# How do you display your Muscle Bike Accessories



## 67Ramshorn (Feb 9, 2017)

Just curious how other collectors display their muscle bike accessories.
Here are some of mine displayed.


----------



## 67Ramshorn (Feb 9, 2017)

more pictures


----------



## djhavikk (Feb 9, 2017)

NIce collection 67Ramshorn!


----------



## PCHiggin (Feb 9, 2017)

Nice, I had a chute and tall sissy bar back in the day. I still have some Sting-Ray stuff, too big for it these days


----------



## Vwbeck (Feb 10, 2017)

*Very nice*


----------



## REC (Feb 11, 2017)

I guess I would first have to have some to display. Until then, do you mind if I ogle your stuff?

REC


----------



## mcmfw2 (Feb 12, 2017)

Killer stuff Dan... Thanks for sharing.... I would love one of those Monster bike buddy's if you happen to find another and care to let it go ...Thanks Mark


----------



## 67Ramshorn (Feb 13, 2017)

Thanks!!!


----------



## rollfaster (Feb 13, 2017)

Wow!! Maybe one day I'll get to see it in person....


----------



## 67Ramshorn (Feb 14, 2017)

Rob, you are welcomed anytime you want to come over just let me know.
Dan


----------



## scrubbinrims (Feb 14, 2017)

I display my muscle bike stuff like this:


----------



## PCHiggin (Feb 14, 2017)

scrubbinrims said:


> I display my muscle bike stuff like this:
> 
> View attachment 422382




Man,Good old times when tv wasnt 24-7. Better too.
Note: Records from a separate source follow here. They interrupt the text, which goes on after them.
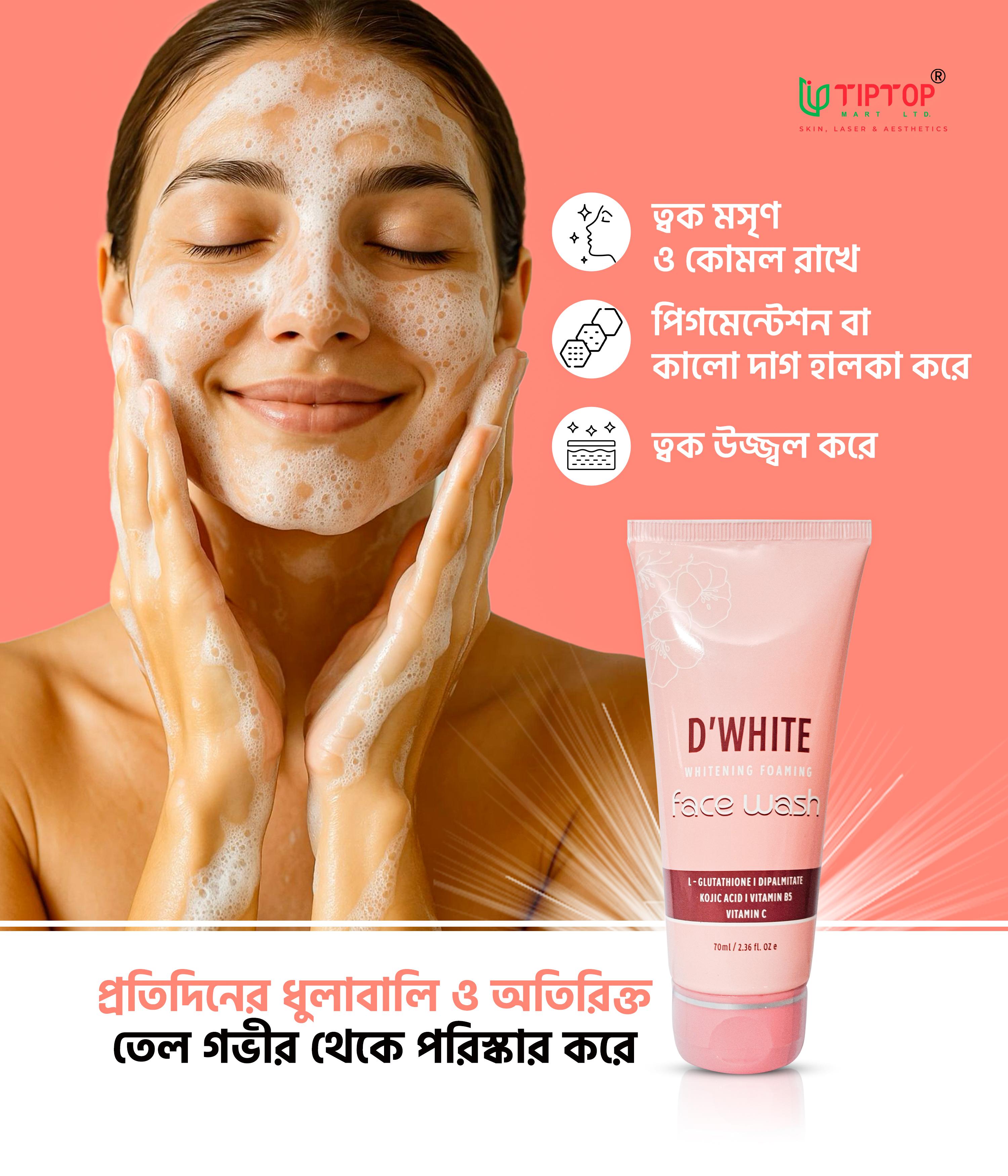 Take a pear-sized portion of D'WHITE whitening face wash with water on your palm. Lather it up and gently massage on your face and neck in circular motion. Rinse off with clean water and pat dry your face. For best results, use twice a day regularly.
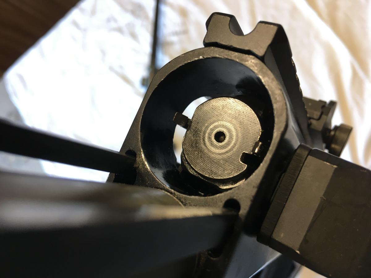 Сделан крон с мушкой под складную иглу от карабина Мосина (механизм, как у КМ) - что не выкосишь огнём - заколешь штыком! При желании вся эта приблуда снимается и используется штатная мушка.
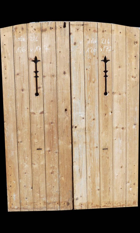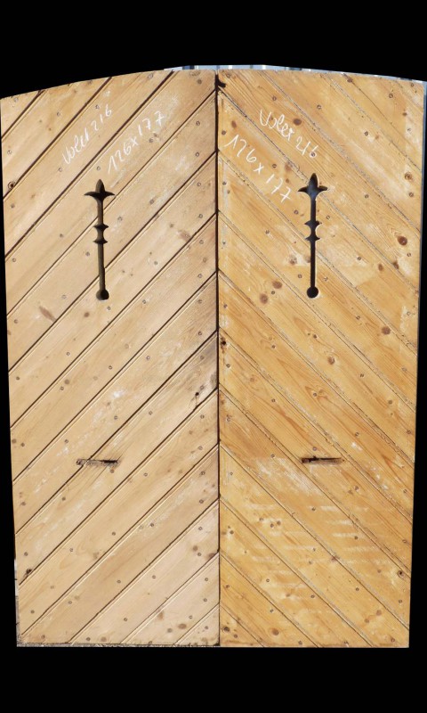 Paire de volets à planches croisées avec décor style savoie, cintré en haut.
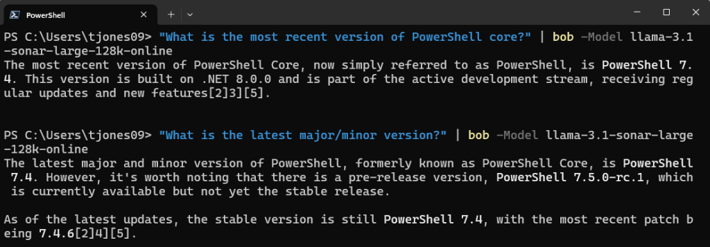 Note that there are some numbers in square brackets at the end of the response. These are references to web sources where the information was obtained from. To view the references, use the –IncludeCitations switch. This is only applicable for the Perplexity models.
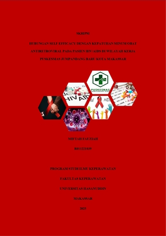 FAUZIAH, MIFTAH (2025) HUBUNGAN SELF EFFICACY DENGAN KEPATUHAN MINUM OBAT ANTIRETROVIRAL PADA PASIEN HIV/AIDS DI WILAYAH KERJA PUSKESMAS JUMPANDANG BARU KOTA MAKASSAR = ASSOCIATION BETWEEN SELF EFFICACY AND ANTIRETROVIRAL MEDICATION ADHERENCE AMONG HIV/AIDS PATIENTS IN THE SERVICE AREA OF JUMPANDANG BARU HEALTH CENTER, MAKASSAR, INDONESIA. Skripsi thesis, Universitas Hasanuddin.
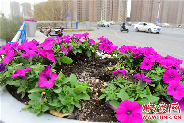 在金水路沙口路向南铁路桥上,路过的市民可以看到,路边摆着鲜花,争奇斗艳,让人心情舒畅,感叹郑州街头的漂亮。
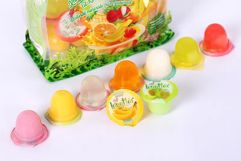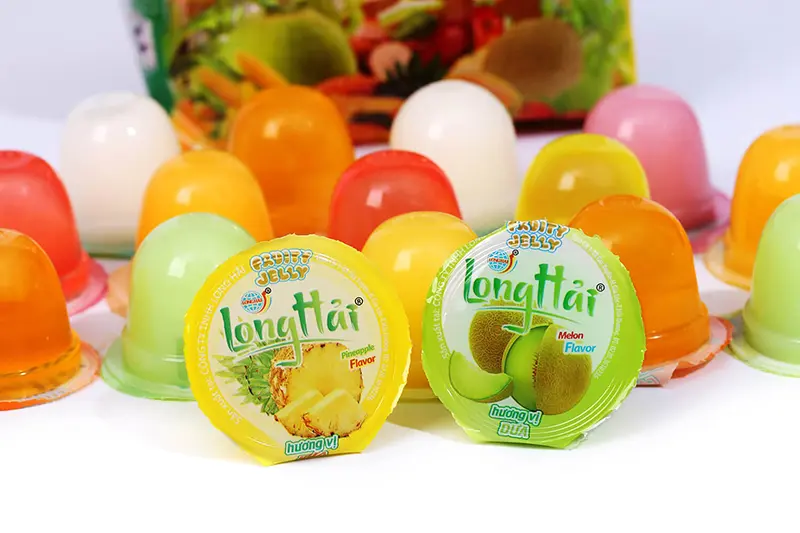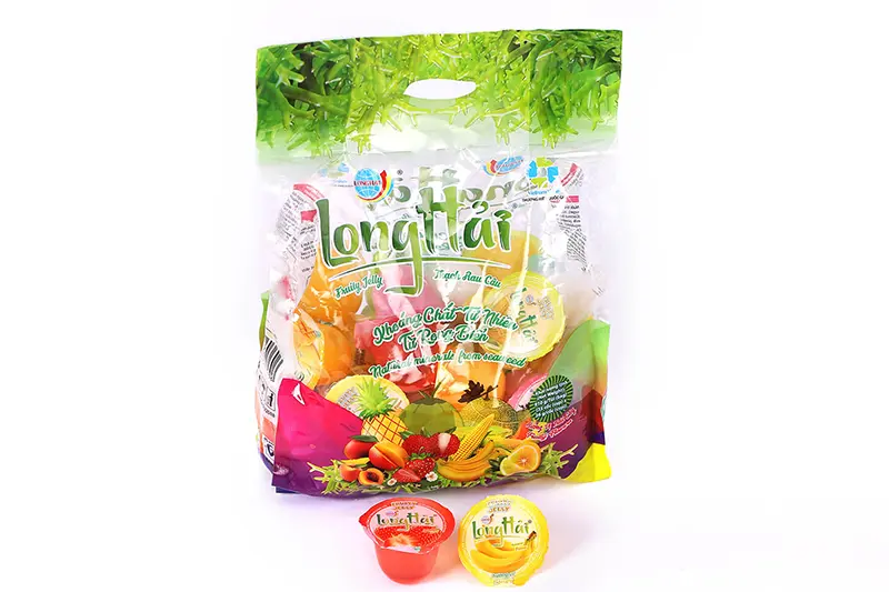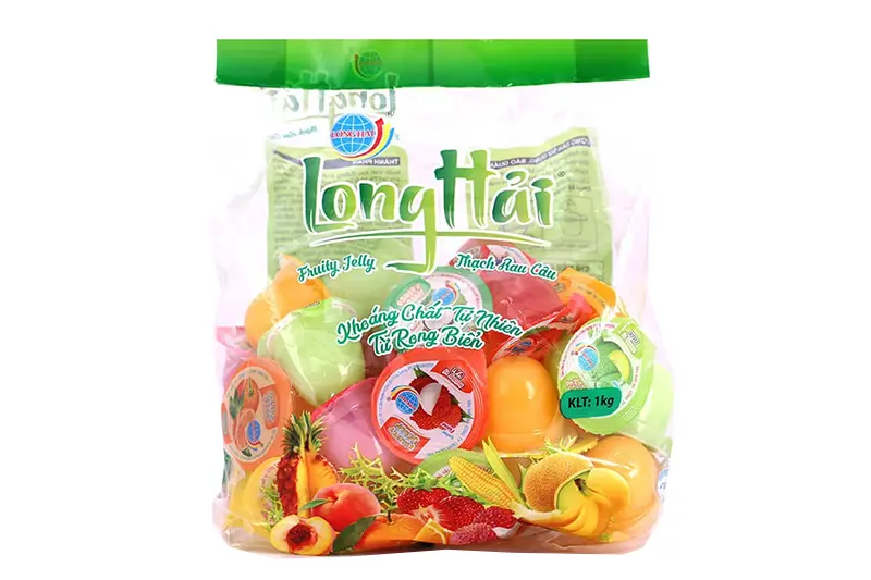 Thạch rau câu Long Hải túi KQX 910 g do công ty Long Hải sản xuất là sự kết hợp giữa bột Carragennan (rau câu), bột Konjac (khoai nưa) tỷ lệ 60/30, đường kính trắng, thạch dừa Bến Tre, hương vị hoa quả tổng hợp: Dừa, Cam, Đào, Dứa, Dưa, Ngô, Xoài, Chuối, Vải, Dâu.
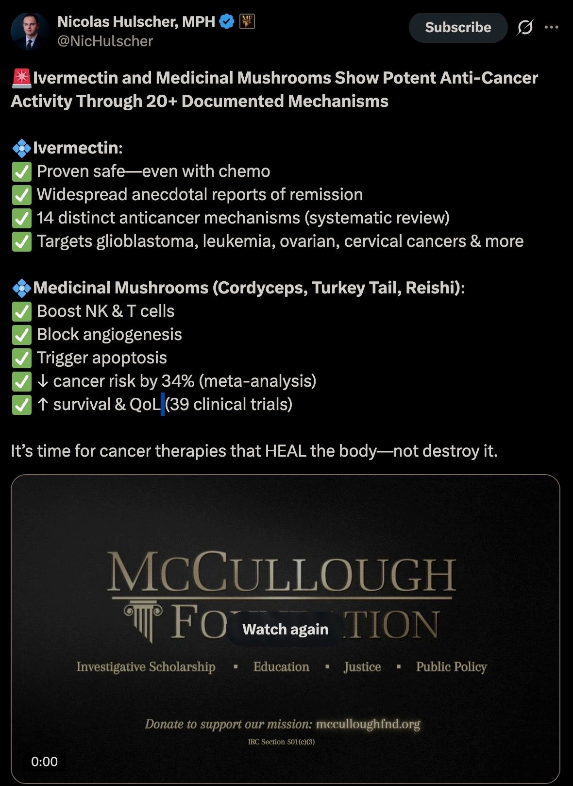 It’s time to explore cancer treatments that don’t harm the entire body and reawaken dormant cancer cells.Dr. McCullough Explains The Multi-Purpose Nature of Ivermectin
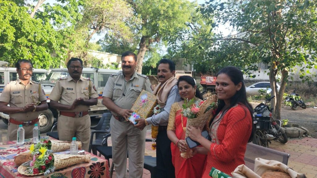 अकोला : पातूर पोलीस स्टेशनचे उपनिरीक्षक मा.हर्षु रत्नपारखी दि.30/6/023 रोजी सेवानिवृत्त झाले.सेवानिवृत्त दिनानिमित्त मा.हर्षु रत्नपारखी साहेबांचे सहपत्नी व कुटुंबासह पातुर पोलीस स्टेशनचे कर्तव्यदक्ष ठाणेदार मा.हरिष गवळी साहेब, सहाय्यक पोलीस उपनिरीक्षक मीरा सोनुने मॅम, सहाय्यक पोलीस उपनिरीक्षक मा. गजानन पोटे यांच्या हस्ते शाल,श्रीफळ व भेट वस्तू तसेच पुष्पगुच्छ देऊन सत्कार करण्यात आला.यावेळी निवृत्त कार्यक्रमाप्रसंगी महाराष्ट्र पोलीस बॉईज असोसिएशन टीम तर्फे पुष्पगुच्छ देऊन सत्कार करण्यात आला.तसेच छत्रपती शिवाजी महाराज यांची प्रतिमा भेट दिली.व पुढील वाटचालीसाठी शुभेच्छा देण्यात आल्या.
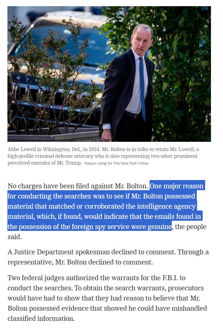 "One major reason for conducting the searches was to see if Mr. Bolton possessed material that matched or corroborated the intelligence agency material, which, if found, would indicate that the emails found in the possession of the foreign spy service were genuine"
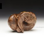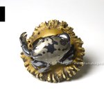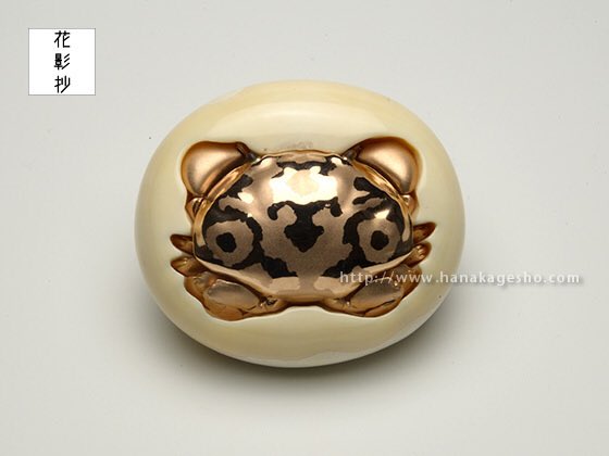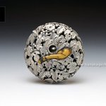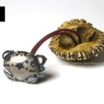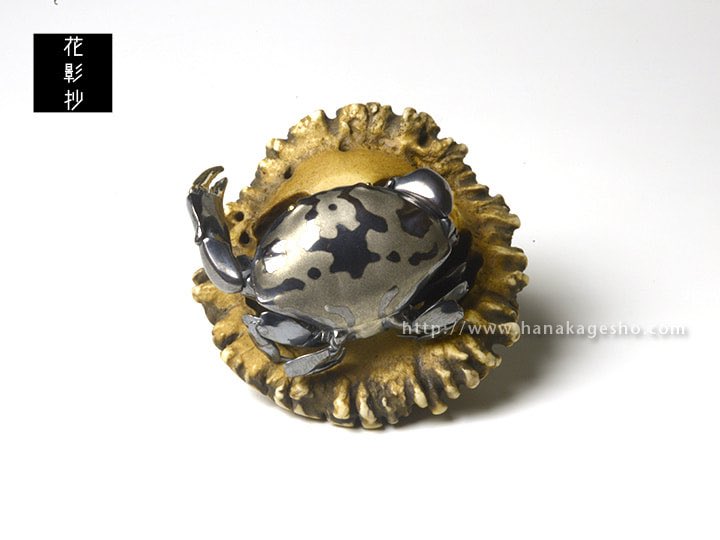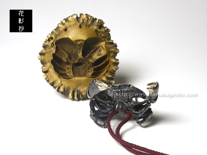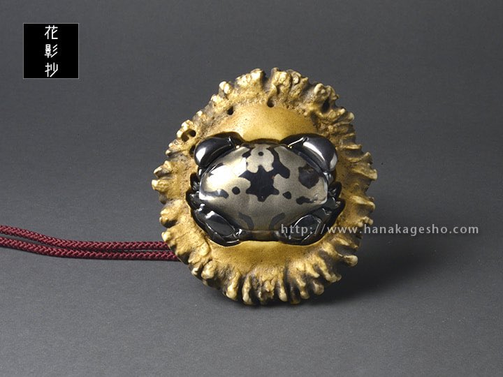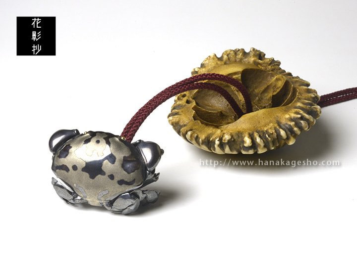 万征「滑々饅頭甲殻根付」 蟹の自在置物が鏡蓋根付仕様になっています。 「スベスベマンジュウガニが収まる物体は藤壺、藤壺は貝類ではなく、甲殻類。」 hanakagesho.com/nezu-netsuke/n…

I have a bunch of Schwinn grips, a couple of seats and a couple h/bars. This thread has given me an idea to display them instead of having more stuff just  squirreled away


----------



## A.S.BOLTNUT (Feb 16, 2017)

Much much better to display them on a bike .but of course everyone has ther opinion.


----------